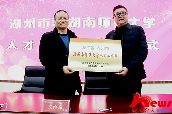 朱新江与我校毕业生就业办公室主任周俊签订人才智力项目战略合作协议并授人才工作站牌匾。
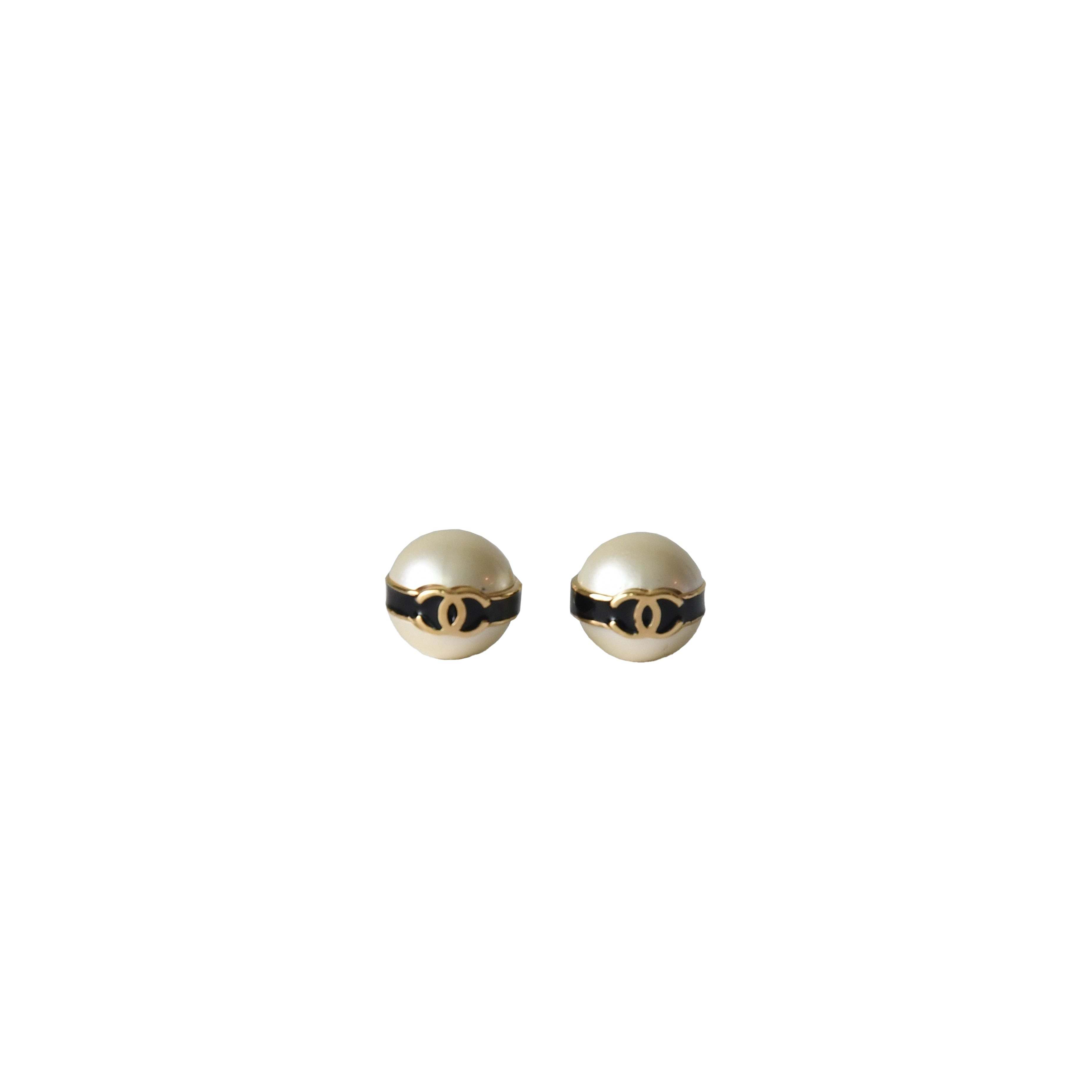 Chanel Metal CC Pearl Round Earrings Gold White Black
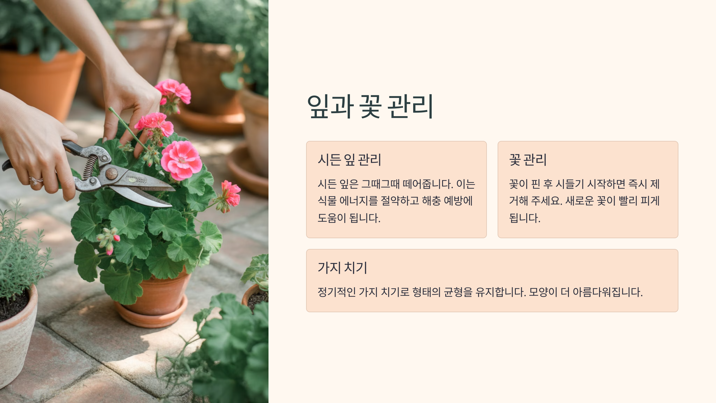제라늄의 아름다운 꽃을 오랫동안, 그리고 풍성하게 보려면 약간의 관리가 필요해요. 바로 꽃대 관리와 순따기랍니다!
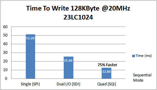 下圖給出了在SPI、SDI和SQI模式下以20 MHz向23LC1024 1 Mb SPI SRAM寫(xiě)入128 KB存儲(chǔ)內(nèi)容所需的時(shí)間。 從中可看出,SQI比標(biāo)準(zhǔn)SPI快75%。
++++++++
Problem to work on:
Beginning with the line where "Chanel Metal CC" appears, restate word for word every line down to the last one in the data, but keep the pictures out.

Finished task:
 Chanel Metal CC Pearl Round Earrings Gold White Black
제라늄의 아름다운 꽃을 오랫동안, 그리고 풍성하게 보려면 약간의 관리가 필요해요. 바로 꽃대 관리와 순따기랍니다!
 下圖給出了在SPI、SDI和SQI模式下以20 MHz向23LC1024 1 Mb SPI SRAM寫(xiě)入128 KB存儲(chǔ)內(nèi)容所需的時(shí)間。 從中可看出,SQI比標(biāo)準(zhǔn)SPI快75%。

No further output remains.